Good Morning,
I am brand new to qiime 2 and have spent a lot of time on the forum reading over posts to get familiar with problems I may run into. I have successfully imported by data and I am currently working on denoising using dada2. I received end-paired demultiplexed data which by the looks of it, barcodes and primers have already been removed.
(I hope the image uploads, if not i apologize. I was having some issues)
From reading a lot of different posts on the forum, it seems many people had the same issue I am having which is determining proper trim/trunc parameters for denosing. From what I understand p-trunc-len-f and p-trunc-len-r are based on the where the quality score begins to drop off. For mine, I am thinking --trunc-len-f 240 and --trunc-len-f 220? However, from what I've read I have to make sure the trunc paramters leave enough overlap for joining pairs which, depsite reading several posts, I can not understand how to determine that there will be sufficient overlap (~20 nt?). Since barcodes and primers have been removed would my p-trim values be zero?
thank you in advance for any help. I went through many tutorials before getting my data to get familiar with qiime2 but doing it on my own now it feels all brand new. I hope my quality plots upload properly.
Hi @ycastro715,
Welcome to the forum!
Thanks for reading previous discussions before posting and providing details about your case, very helpful.

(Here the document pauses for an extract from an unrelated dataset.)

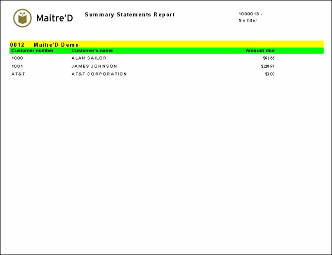 Maitre'D summary statement report provides you with a list of all accounts with outstanding balance. From the report filter window, select all customers or specific customers. The following is a sample of the summary statement report: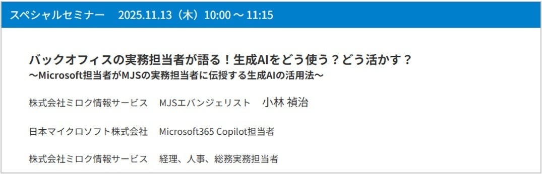 本セミナーでは、MJSの経理、人事、総務の実務担当者が生成AIを日常業務にどのように使っているかをご紹介し、更なる活用法について探求します。

So, the rough calculations for this are also discussed in other threads which you may or may not have been seen, but they go something like this.
Your expected V3-V4 amplicon size: 806-341= ~465
Your total sequenced length: 2 x 250 = 500
Dada2 minimum overlap required = 12 nt (this has been changed from 20 nt that was in previous versions)
So, your total overlap is ~ 500-465=35. You need a minimum of 12nt for proper merging, so that means 35-12=23 bp can be cut (combined) from your Forward and Reverse without compromising merging. BUT consider that there are natural variations in amplicon length at V3V4, so some taxa are naturally shorter and more important some are longer in that region. This means that if you trim all those available 23 bp then you may actually systematically remove naturally longer taxa because they will fail to merge. This can introduce bias to your downstream analysis. In my experience natural variation in V3V4 in human and mouse fecal samples can range at least 20± from the expected 465. That means that you basically can’t afford to truncate any bp from your 3’, lest you potentially introduce some bias. This is the downside of sequencing V3V4, in that unless you do a 2x300 run, you can’t really afford to truncate any reads. You can try running DADA2-paired-end here with minimum/no truncating and see how the output is. If its too low, as I expect it to be, I would suggest only running the forward reads and discarding the reverse.
Yes, no need for trimming from the 5’ side. However, your reverse reads do have an initial dip in quality within the first 20 bps which may cause you to lose some reads in the initial filtering step. Trimming ~20 of that might be useful and because this is on the 5’, it won’t affect merging.
Hope this helps!